By Ashish Tiwari
July 8 - (The Insurer) - The Doctors Company and ProAssurance said on Monday that the U.S. Federal Trade Commission has granted early termination of the waiting period under the Hart-Scott-Rodino Act, clearing a key antitrust hurdle for their $1.3 billion merger.
The move satisfies one of the regulatory conditions for closing the deal, which is expected to occur in the first half of 2026.
Under the Hart-Scott-Rodino Act in the U.S., the waiting period is a mandatory pre-merger requirement, which gives antitrust agencies time to review the transaction and assess its potential impact on competition.
The acquisition, announced in March, will combine the second- and fourth-largest medical malpractice insurers in the U.S., creating the largest physician-owned medical liability carrier in the country.

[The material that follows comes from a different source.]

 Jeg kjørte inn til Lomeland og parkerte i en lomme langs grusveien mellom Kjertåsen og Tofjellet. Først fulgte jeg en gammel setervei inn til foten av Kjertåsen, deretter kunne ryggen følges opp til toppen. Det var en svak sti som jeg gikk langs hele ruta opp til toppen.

The deal values ProAssurance at $25 per share, a 60% premium to its pre-deal trading price, and includes a mutual termination fee of $52.6 million.

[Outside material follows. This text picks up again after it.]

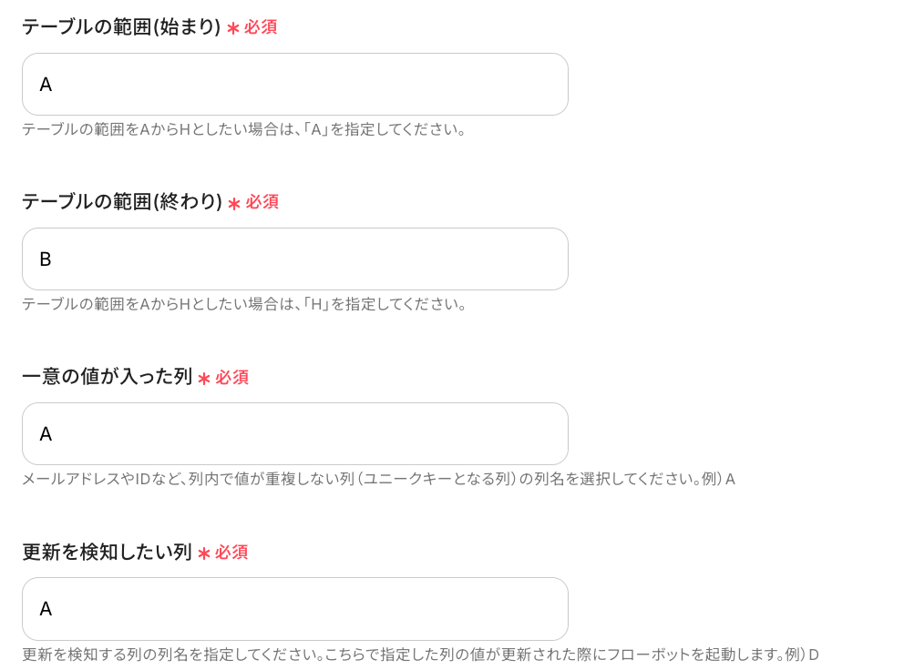 更新を検知したい列 :ここで指定した列の値が更新された際にフローボットを起動。今回はAを選択。

The combined entity is expected to have around $12 billion in assets and $2 billion in pro forma direct written premiums.
Napa, California-based The Doctors Company, an interinsurance exchange, currently manages more than $8 billion in assets, while Birmingham, Alabama-based ProAssurance reported $1.05 billion in gross premiums written in 2024.
AM Best had affirmed stable credit ratings for both insurers and said it does not expect the merger to materially affect their fundamentals.